Vargas, gioia infinita: «Non me ne rendo ancora conto»

Ruben Vargas ha segnato il rigore decisivo. «C'era un'energia così positiva...»
Il 27enne non ha nascosto i problemi: «Non sapevo se avrei potuto giocare».
Ruben Vargas ha segnato il rigore decisivo. «C'era un'energia così positiva...»
Il 27enne non ha nascosto i problemi: «Non sapevo se avrei potuto giocare».
VANVOUVER - La Svizzera ha eliminato la Colombia al termine di un match tiratissimo, deciso ai tiri di rigore, e ha così conquistato l’accesso ai quarti di finale di un Mondiale per la prima volta dal 1954. Il 4-3 dal dischetto ha premiato la squadra guidata da Granit Xhaka, che ora affronterà l’Argentina di Lionel Messi.
A firmare il rigore decisivo è stato Ruben Vargas, protagonista al termine di una serata carica di tensione. «Credo di non rendermene ancora del tutto conto. Oggi non sapevo nemmeno se avrei potuto giocare e ho provato di tutto pur di esserci - ha dichiarato il 27enne - A posteriori sono semplicemente grato e felice di aver potuto aiutare la squadra.
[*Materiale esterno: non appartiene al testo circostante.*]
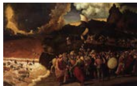
Гибель армии фараона в Красном море. Ок. 1518 г.

С другой стороны, прообразом самого пасхального (избавительного) агнца является овец, которого обнаружил Авраам на горе Иегова-Ире (досл. «Бог узрит») Быт. 22:1–18, а жертва Авраама своим сыном как прообраз жертвы Бога-Отца Сыном, избавление Исаака символизирует воскресение.

I miei compagni hanno lavorato e lottato per oltre 120 minuti. Ora abbiamo fatto la storia, ed è semplicemente fantastico».
Il matchwinner ha raccontato anche il momento del tiro decisivo: «C’era un’energia così positiva... mi sono sentito davvero sicuro prima di andare sul dischetto. L’ho semplicemente tirato con convinzione e sono solo grato che sia entrato».